::: Records for the exercise :::

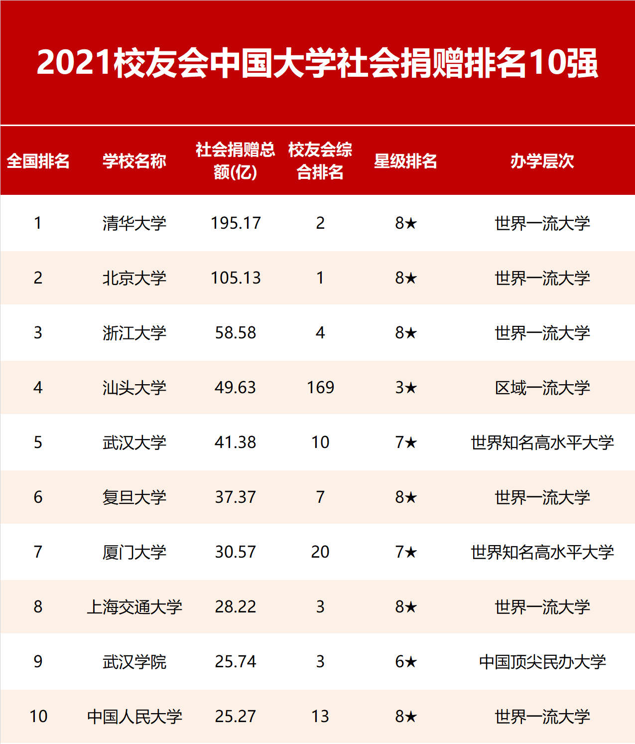 榜单显示,清华大学以195.17亿元的捐赠总额,问鼎2021校友会中国大学社会捐赠排名榜首,再次刷新中国大学社会捐赠总额最高纪录。北京大学105.13亿元,位列第2;浙江大学58.58亿,位列第3;武汉大学捐赠突破40亿,挺进全国前5强。引人关注的是,在全国上榜的双非高校中,汕头大学、武汉学院和深圳大学社会捐赠超10亿元,雄居2021校友会中国双非大学社会捐赠排名前3甲,挺进全国前20强。
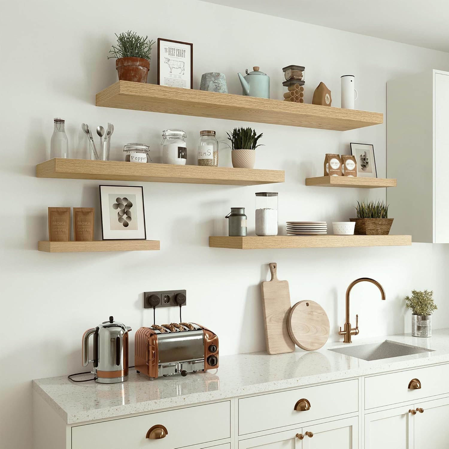 - Well-designed Floating Shelves - The rustic style floating shelves combining both practicality and style. These shelves offer a generous deeper and thicker surface, perfect for organizing daily sundries without taking up valuable floor space. The various of selected colours finish adds a cozy, natural element,display your art pieces on the wall to decorate your home, and make it full of aesthetic flare.
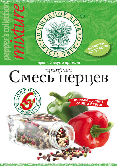 Эта смесь содержит сбалансированное сочетание 6 перцев: черного, красного, белого, душистого, зеленой и красной паприки. Мы особенно рекомендуем добавлять смесь к мясу, курице на гриле или шашлыкам
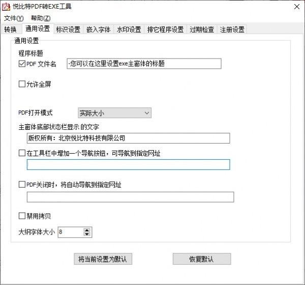 可自定义PDF EXE的版权。
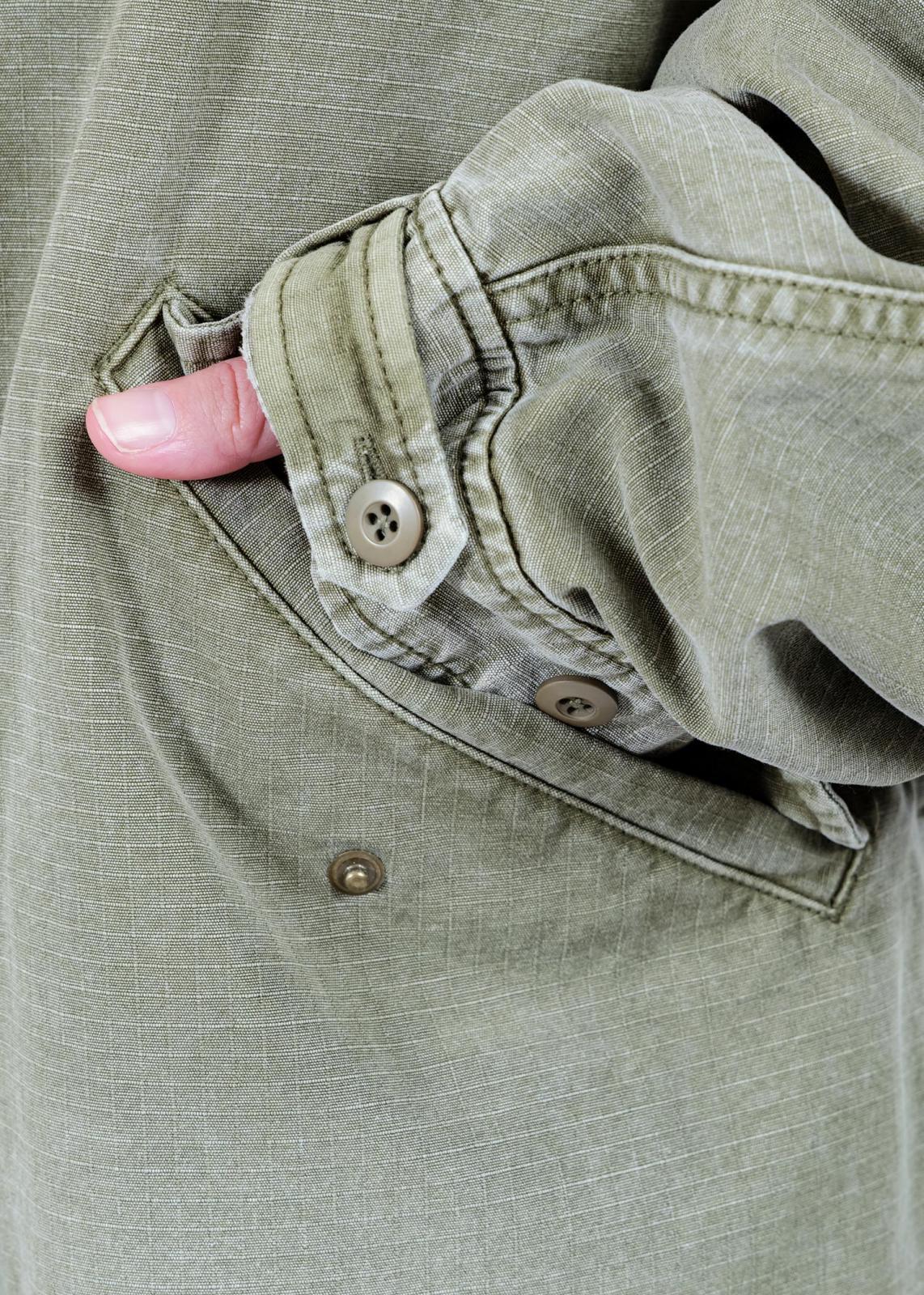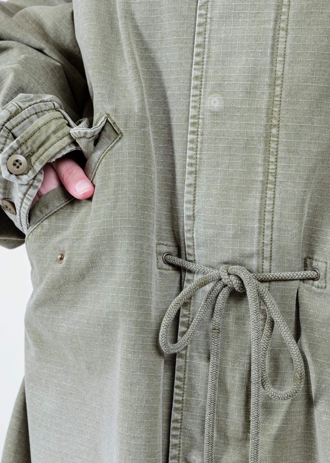 耐久性の高いリップストップ生地を使用したM-65フィッシュテールジャケット。
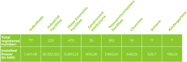 The total number of registered prosumers by this category, with their total installed power (in kW) can be found in the table below:
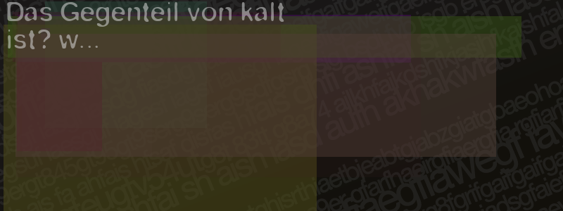 Die Visuelle Bestätigung hilft dabei automatische Spambots und Scripte von den Diensten dieses Forums abzuhalten. Derartige Scripte sind normalerweise nicht in der Lage den untenstehenden Code zu erkennen. Bitte geben Sie also in das untenstehende Feld die Buchstaben und Zahlen ein, die Sie in dem Bild erkennen können oder beantworten Sie die angezeigte Frage.
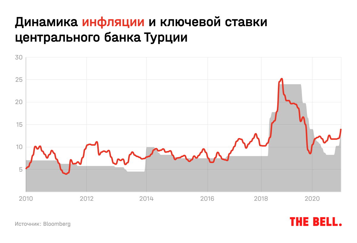 Такие изменения были в очень значительной степени вызваны политикой турецкого лидера Реджепа Тайипа Эрдогана, популярность которого во многом держалась на экономическом росте, который он старался поддерживать любой ценой. С 2014 года по настоящее время проблемы лишь усугубились — всем известны весьма своеобразные взгляды турецкого лидера на монетарную политику (Эрдоган часто говорит, что высокие процентные ставки способствуют увеличению инфляции, хотя все совсем наоборот). В результате лира на протяжении уже многих лет является одной из самых нестабильных валют, в банковской системе страны накопились проблемы, а популярность Турции среди иностранных инвесторов сильно снизилась. На этом фоне стоимость рабочей силы, которая была одним из преимуществ в 2000-х годах, стала скорее тормозом экономического развития — зарплаты продолжили расти опережающими инфляцию темпами при том, что производительность труда уже не росла и даже снижалась.
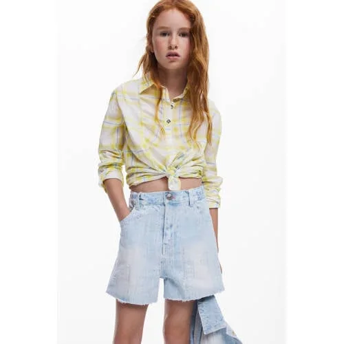 Deze lichtblauwe denim korte broek voor meisjes van Desigual is een praktische basic met opvallende details. De short heeft de klassieke 5-pocket look in light blue denim en valt daardoor makkelijk te combineren met T-shirt, top of sweater. De subtiele slijtage en borduursels geven het ontwerp extra karakter, zonder dat het te druk oogt. Gemaakt van 96% katoen / 2% viscose / 1% linnen / 1% modal voelt de stof soepel en comfortabel aan tijdens schooldagen, speelafspraken en weekenduitjes.Kenmerken van deze denim short Kleur: light blue denim, een lichte basis voor allerlei combinaties Materiaal: 96% katoen / 2% viscose / 1% linnen / 1% modal voor een zachte, prettig aanvoelende stof Model: korte broek in denimstijl, ideaal voor schoolkind en tiener Sluiting: rits- en knoopsluiting aan de voorkant 5-pocket model: twee achterzakken, twee voorzakken en een kleingeldzakje Details: lichte slijtage en borduursels voor een eigentijdse uitstraling Collectie: onderdeel van de Daily collectie, geschikt voor dagelijks dragenVoor elke dag en elk seizoenIn de zomer draag je deze denim short met een luchtige top en sandalen. Op frissere dagen combineer je de korte broek met sneakers en een hoodie of een fijn vest. Zo blijft de short het hele jaar door een vaste waarde in de kledingkast.Desigual voor kidsDesigual staat bekend om creatieve kinderkleding met opvallende details. De ontwerpen combineren comfort met herkenbare Desigual accenten, waardoor elk item een eigen stijl heeft en kinderen zich vrij kunnen bewegen.Een veelzijdige denim short die goed past in dagelijkse outfits.
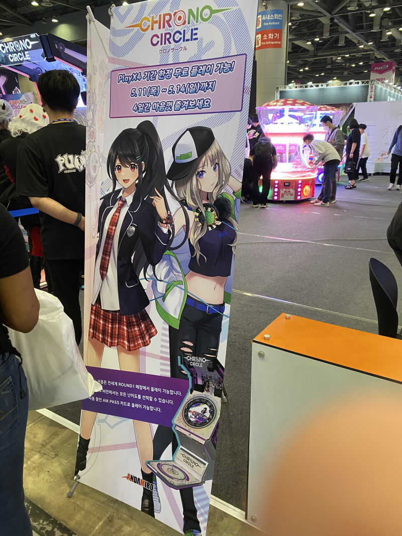 펌프 잇 업 제작사로 유명한 안다미로에서 유통하는 일본 아케이드 리듬게임 크로노 서클입니다.
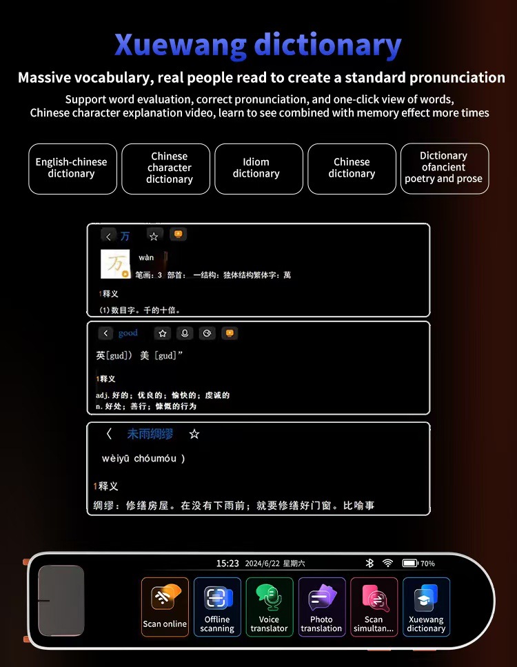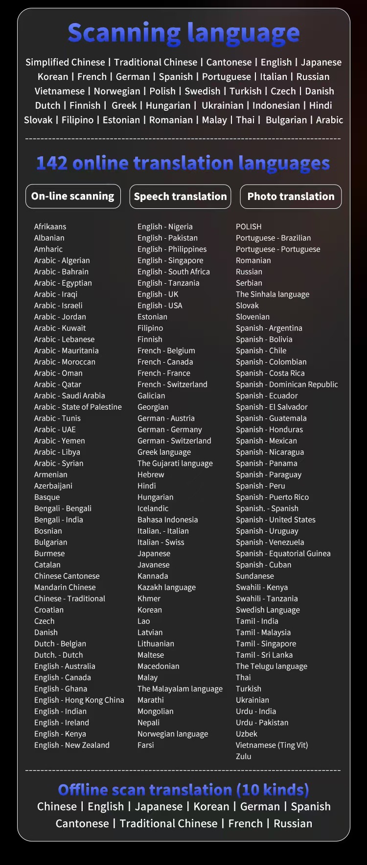 国际版扫描翻译笔中英德法日韩粤语繁体多语言拍照精准离 线翻译
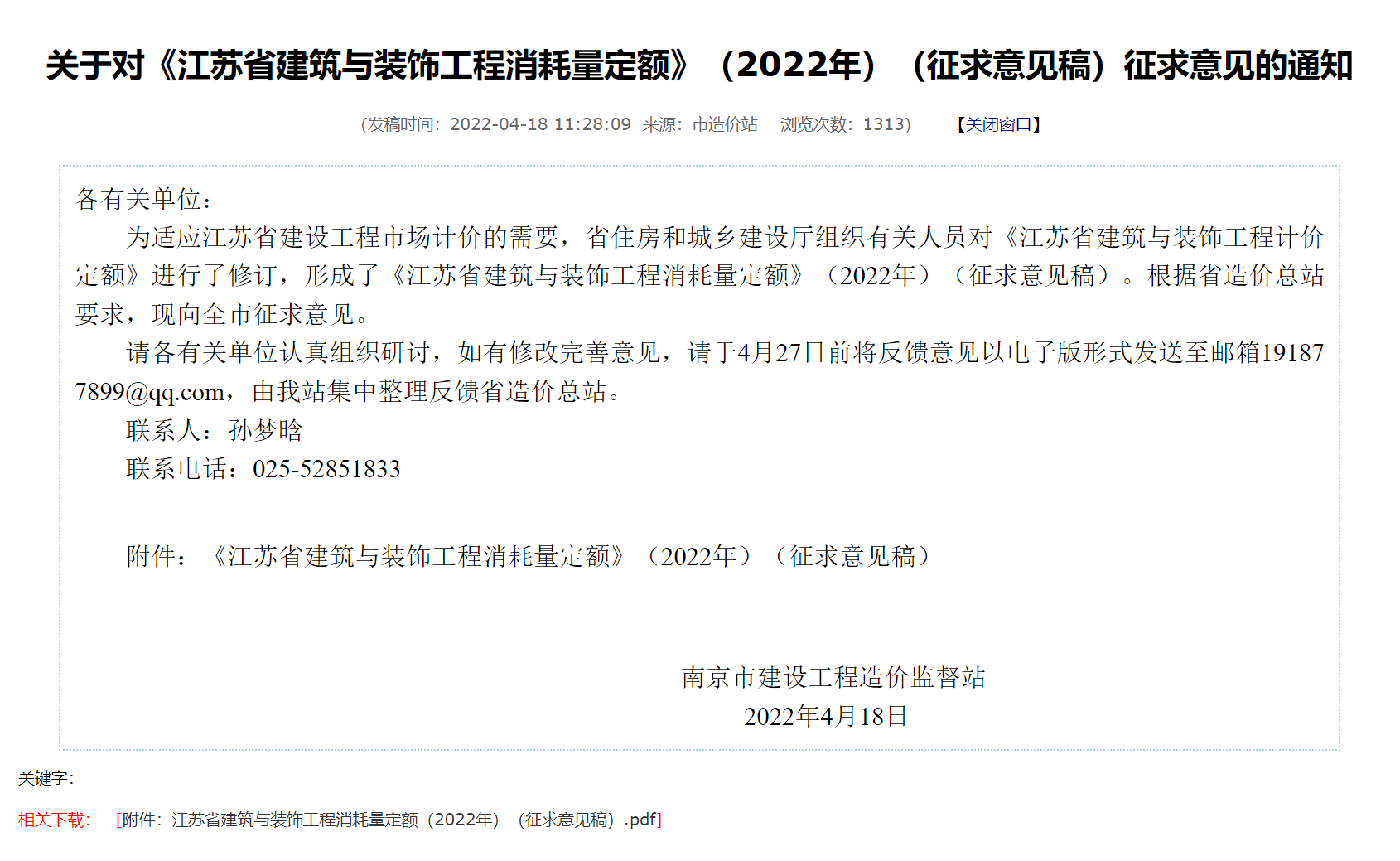 轉(zhuǎn)發(fā)關(guān)于對(duì)《江蘇省建筑與裝飾工程消耗量定額》(2022年) (征求意見(jiàn)稿) 征求意見(jiàn)的通知,其下載連接如下所示:
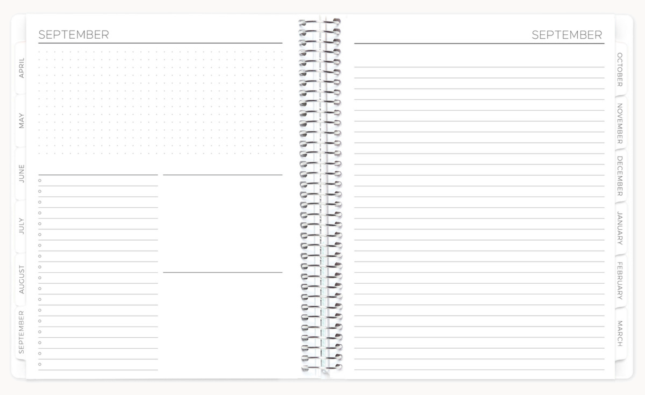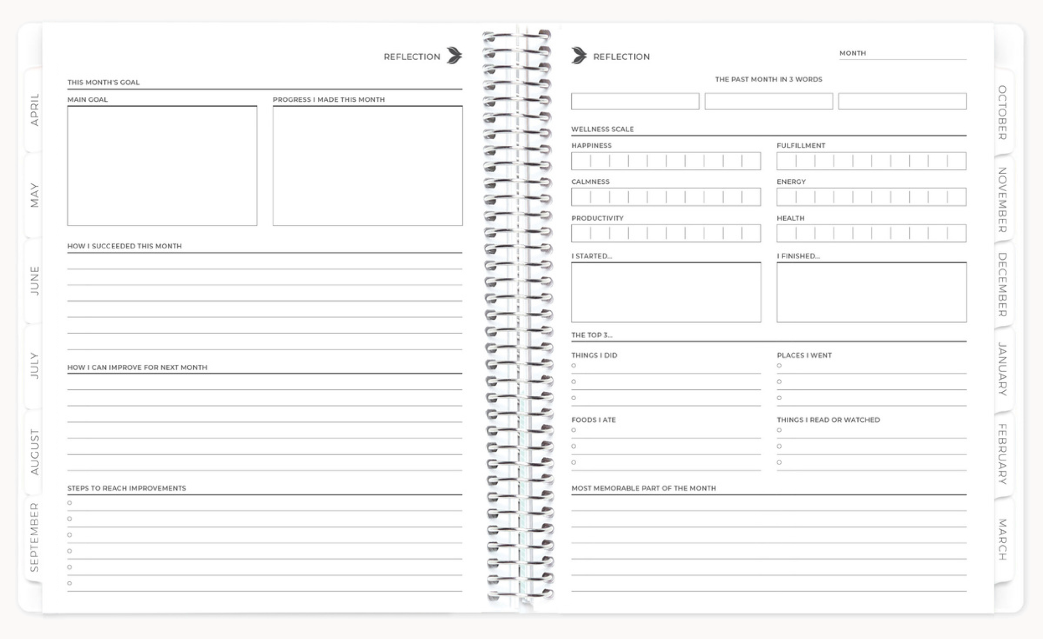 Use the monthly preview pages to think ahead and keep track of stretch goals and activities.
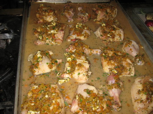 烤前把杏桃乾, 黃金葡萄乾切碎鋪在雞肉上,

:::

Problem requirements:
Once the pictures are removed, set down what remains of the entries above exactly.

Written solution:
 榜单显示,清华大学以195.17亿元的捐赠总额,问鼎2021校友会中国大学社会捐赠排名榜首,再次刷新中国大学社会捐赠总额最高纪录。北京大学105.13亿元,位列第2;浙江大学58.58亿,位列第3;武汉大学捐赠突破40亿,挺进全国前5强。引人关注的是,在全国上榜的双非高校中,汕头大学、武汉学院和深圳大学社会捐赠超10亿元,雄居2021校友会中国双非大学社会捐赠排名前3甲,挺进全国前20强。
 - Well-designed Floating Shelves - The rustic style floating shelves combining both practicality and style. These shelves offer a generous deeper and thicker surface, perfect for organizing daily sundries without taking up valuable floor space. The various of selected colours finish adds a cozy, natural element,display your art pieces on the wall to decorate your home, and make it full of aesthetic flare.
 Эта смесь содержит сбалансированное сочетание 6 перцев: черного, красного, белого, душистого, зеленой и красной паприки. Мы особенно рекомендуем добавлять смесь к мясу, курице на гриле или шашлыкам
 可自定义PDF EXE的版权。
 耐久性の高いリップストップ生地を使用したM-65フィッシュテールジャケット。
 The total number of registered prosumers by this category, with their total installed power (in kW) can be found in the table below:
 Die Visuelle Bestätigung hilft dabei automatische Spambots und Scripte von den Diensten dieses Forums abzuhalten. Derartige Scripte sind normalerweise nicht in der Lage den untenstehenden Code zu erkennen. Bitte geben Sie also in das untenstehende Feld die Buchstaben und Zahlen ein, die Sie in dem Bild erkennen können oder beantworten Sie die angezeigte Frage.
 Такие изменения были в очень значительной степени вызваны политикой турецкого лидера Реджепа Тайипа Эрдогана, популярность которого во многом держалась на экономическом росте, который он старался поддерживать любой ценой. С 2014 года по настоящее время проблемы лишь усугубились — всем известны весьма своеобразные взгляды турецкого лидера на монетарную политику (Эрдоган часто говорит, что высокие процентные ставки способствуют увеличению инфляции, хотя все совсем наоборот). В результате лира на протяжении уже многих лет является одной из самых нестабильных валют, в банковской системе страны накопились проблемы, а популярность Турции среди иностранных инвесторов сильно снизилась. На этом фоне стоимость рабочей силы, которая была одним из преимуществ в 2000-х годах, стала скорее тормозом экономического развития — зарплаты продолжили расти опережающими инфляцию темпами при том, что производительность труда уже не росла и даже снижалась.
 Deze lichtblauwe denim korte broek voor meisjes van Desigual is een praktische basic met opvallende details. De short heeft de klassieke 5-pocket look in light blue denim en valt daardoor makkelijk te combineren met T-shirt, top of sweater. De subtiele slijtage en borduursels geven het ontwerp extra karakter, zonder dat het te druk oogt. Gemaakt van 96% katoen / 2% viscose / 1% linnen / 1% modal voelt de stof soepel en comfortabel aan tijdens schooldagen, speelafspraken en weekenduitjes.Kenmerken van deze denim short Kleur: light blue denim, een lichte basis voor allerlei combinaties Materiaal: 96% katoen / 2% viscose / 1% linnen / 1% modal voor een zachte, prettig aanvoelende stof Model: korte broek in denimstijl, ideaal voor schoolkind en tiener Sluiting: rits- en knoopsluiting aan de voorkant 5-pocket model: twee achterzakken, twee voorzakken en een kleingeldzakje Details: lichte slijtage en borduursels voor een eigentijdse uitstraling Collectie: onderdeel van de Daily collectie, geschikt voor dagelijks dragenVoor elke dag en elk seizoenIn de zomer draag je deze denim short met een luchtige top en sandalen. Op frissere dagen combineer je de korte broek met sneakers en een hoodie of een fijn vest. Zo blijft de short het hele jaar door een vaste waarde in de kledingkast.Desigual voor kidsDesigual staat bekend om creatieve kinderkleding met opvallende details. De ontwerpen combineren comfort met herkenbare Desigual accenten, waardoor elk item een eigen stijl heeft en kinderen zich vrij kunnen bewegen.Een veelzijdige denim short die goed past in dagelijkse outfits.
 펌프 잇 업 제작사로 유명한 안다미로에서 유통하는 일본 아케이드 리듬게임 크로노 서클입니다.
 国际版扫描翻译笔中英德法日韩粤语繁体多语言拍照精准离 线翻译
 轉(zhuǎn)發(fā)關(guān)于對(duì)《江蘇省建筑與裝飾工程消耗量定額》(2022年) (征求意見(jiàn)稿) 征求意見(jiàn)的通知,其下載連接如下所示:
 Use the monthly preview pages to think ahead and keep track of stretch goals and activities.
 烤前把杏桃乾, 黃金葡萄乾切碎鋪在雞肉上,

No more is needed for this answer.